そういうところは抜け目なくとても優秀な彼女。あれだけ色々してくれているのだから信用しないわけにはいかない。



 あとは演劇が無事に終わることを祈ろう。

 乱戦が落ち着き、クライマックスへ――



「あたしの命を、みんなの為に捧げる……だから……」



――ここで魔道具が発動して、後ろの荒野にオアシスが……。



……発動しない?

 もしかして、それはアミの担当だったのかもしれない。袖の脇に控えていた人たちが焦っているのが見える。役者たちは演技を止めるわけにはいかないので、そのままの体制で留まっている。

 これは……少し手助けが必要なようだ。



(いいと思う?)

(あちは良いと思うのだわ。やはりアミは魔女の対応をして動けないのだわ)



 舞台の上の静寂……。

 そろそろ間が限界だ。よし――



「グゥッ!!……――」



――目の前で発動しないように、闘気への変換を我慢する。

そしてそれは舞台の中央へと舞い降りる。



……ここだ!!



「――ブレイブウォール!!」



ドゥゥウウウン!!



 それが中央へ舞い降りると、ミルに当たりブレイブウォールが発動した。

 ミルを中心とした光の柱が立ち上がる。



 ……ミルは……いやマーニィはその美しさと黒髪、そして光の柱との濃淡が神々しさすら垣間見えた。


 そして――



 ズァパァアアアンッ!!



 元々仕掛けていた魔道具が、ブレイブウォールの範囲内に入ると、自動的に発動する。それが相乗的に広がり、会場中を優しい光は包み込んだ。



「……す、すごい……まるで女神」

「……あぁ……涙が止まらない……」



 本当に女神のように美しく、恐れ多い雰囲気を感じていた。それに耐え切れず観客たちはほろほろと涙していた。同じように優待席の皆も見惚れて涙している。



 ……これはやりすぎたかもしれない。



 このタイミングでレイラはマインドブレイクの魔法を強めている。ブレイブウォールの変異発動に加えて、ここに来てからレイラにずっと魔力を吸われている。



「アーシュ……す、すごいね、魔力」

「……そろそろ魔力が限界かもしれないな」







 そして光がキラキラと霧散していった。



――舞台の向こう側には今まで何もなく、荒野に一本の川が流れているだけだった。そこがまるでオアシスのように、木々が生い茂り、湖ができていた。
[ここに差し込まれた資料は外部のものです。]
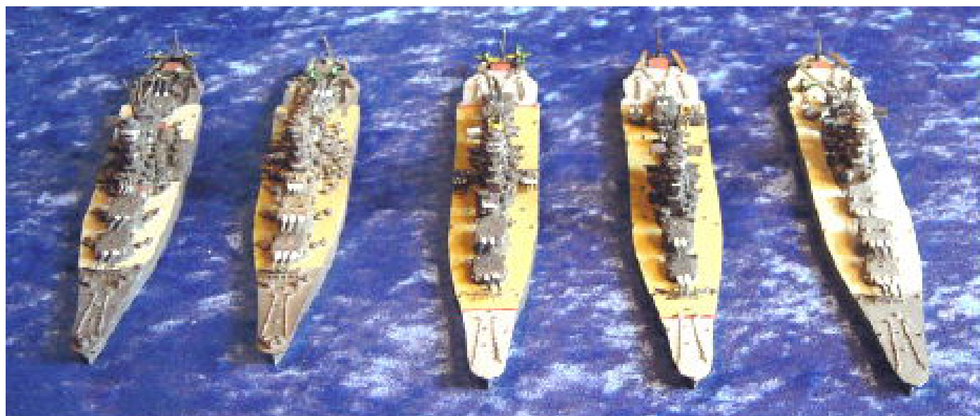
Design variants of the YAMATO class Japanese BB's; Right to Left: J111 Design A140, J112 Design A140A2, J113 Design A140B2, J107 YAMATO (Final Design), J109 Design A150 "Super Yamato"; Photo and model painting by Bob Weymouth

Phone: 1-800-446-4422 • Fax: 1-757-442-4343 • email: alnavco@esva.net • web: www.alnavco.com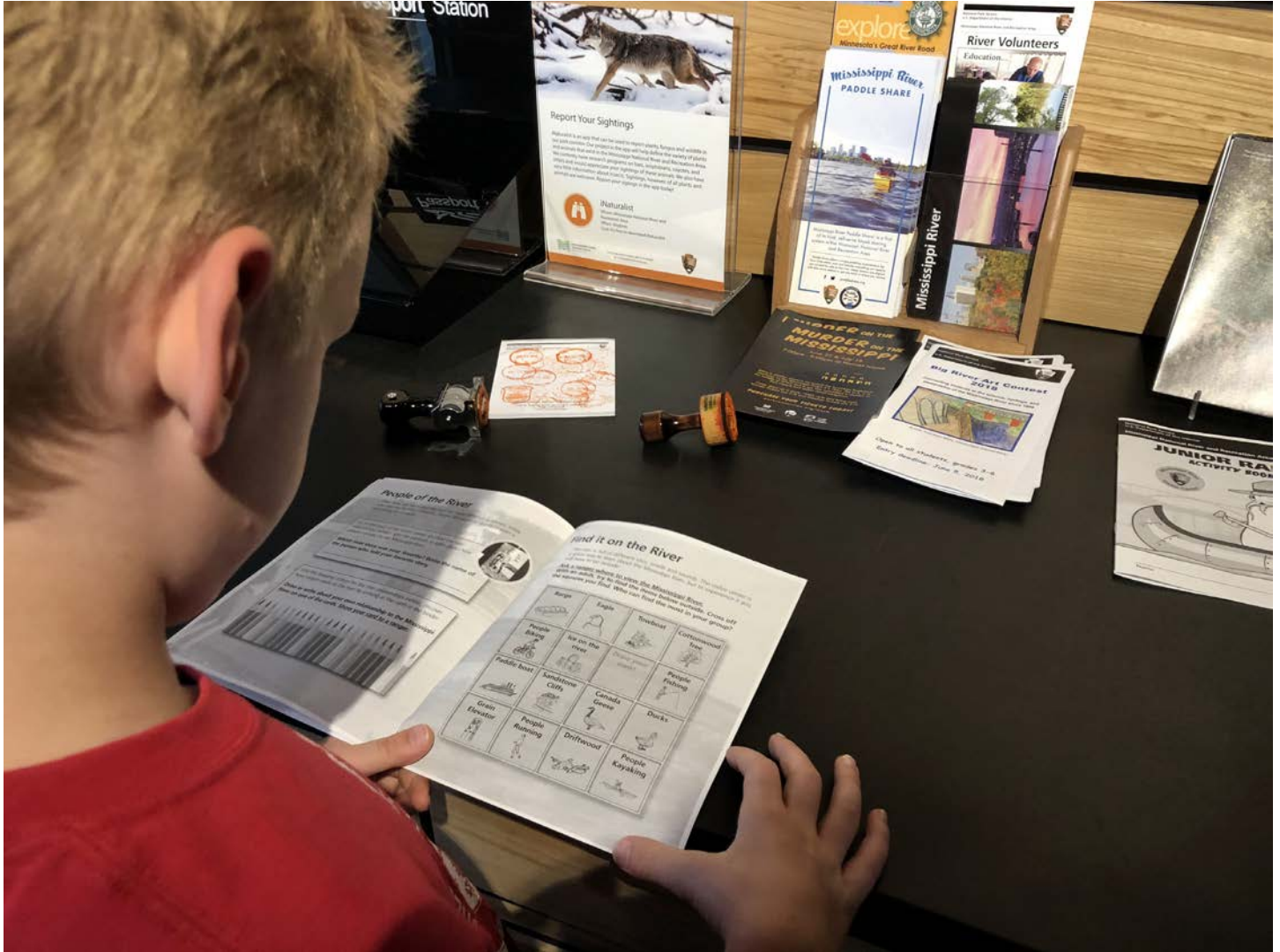
He said it looked like fun for later.

まるで天国ともいわんばかりの美しい光景に観客は目を奪われた。



「……天国だ……あの子はきっと天の使い……天使に違いない!!」

「きっとそうだ! あのまごうことなき幸せの光! 絶対にそうだ!!」

「ああ! マーニィちゃんが!!」



 力尽きて倒れる。もちろん演技だが。

 そこへ乱戦をしていた、他種族の者が集まる。



「ここに新しく国を作ろうじゃないか!! いつかきっと悪魔も獣人も人間も手を取り合っていける場所を作って見せる!!」



オロバスが拳を振り上げた。



「「「うぉおおおおおお!」」」


 ――それと同時に観客から大歓声が上がる。

 はじめにエルが入場した時より大きくて、腹に響くような大きな声が町中に響いた。


 それはまさに成功の証だ。

 全王国民ではないが、すべての都市から参加者がいるのだから効果は十分。しばらくすれば浸透していくだろう。マニや悪魔たちが人間の町を楽しく歩くことができる日が楽しみだ。

 役者が手を振りながら袖へはけていっても、ずっと歓声と拍手が鳴り響いていた。



「ご観覧ありがとうございました。これで演劇は終了です。この後、エルランティーヌ女王陛下、ロゼルタ元第二王女から、王国に関する重大な発表がございます。今しばらくお待ちください」



 いくつか予定通りに行かないところもあったが、無事演劇は終えることができた。

 彼女たちもしっかり結果が出せたことに満足しただろうか。



 そして、いよいよ公演も大詰めだ。